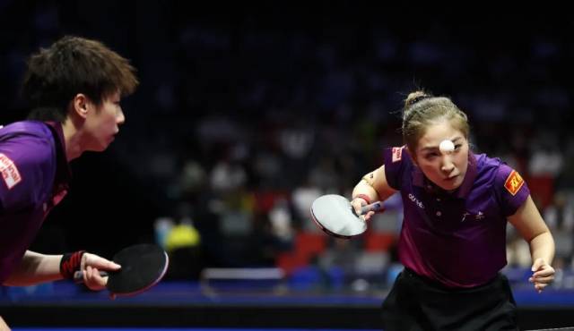 2005年10月15日,广东队选手马琳/刘诗雯(左)在第十届全国运动会乒乓球混双比赛中。图/新华社
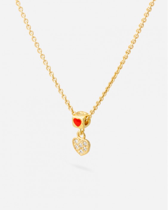 El collar "Julié Coure" en plata de ley bañada en oro es una joya que emana elegancia y dulzura. Su diseño refinado destaca con un encanto corazón con piedras engastadas. La cadena ajustable proporciona versatilidad y comodidad, creando una pieza única que fusiona la sofisticación del metal precioso con un estilo distintivo y atemporal.
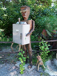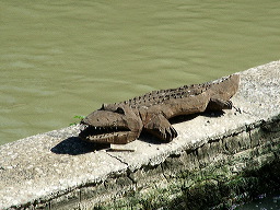 du bout des doigts, assis dans une main de bois géante. A la sortie

= = = = =

**Work request:** Return the listing verbatim; pictures are not part of the copy.

**Output for this exercise:**
 2005年10月15日,广东队选手马琳/刘诗雯(左)在第十届全国运动会乒乓球混双比赛中。图/新华社
 El collar "Julié Coure" en plata de ley bañada en oro es una joya que emana elegancia y dulzura. Su diseño refinado destaca con un encanto corazón con piedras engastadas. La cadena ajustable proporciona versatilidad y comodidad, creando una pieza única que fusiona la sofisticación del metal precioso con un estilo distintivo y atemporal.
 du bout des doigts, assis dans une main de bois géante. A la sortie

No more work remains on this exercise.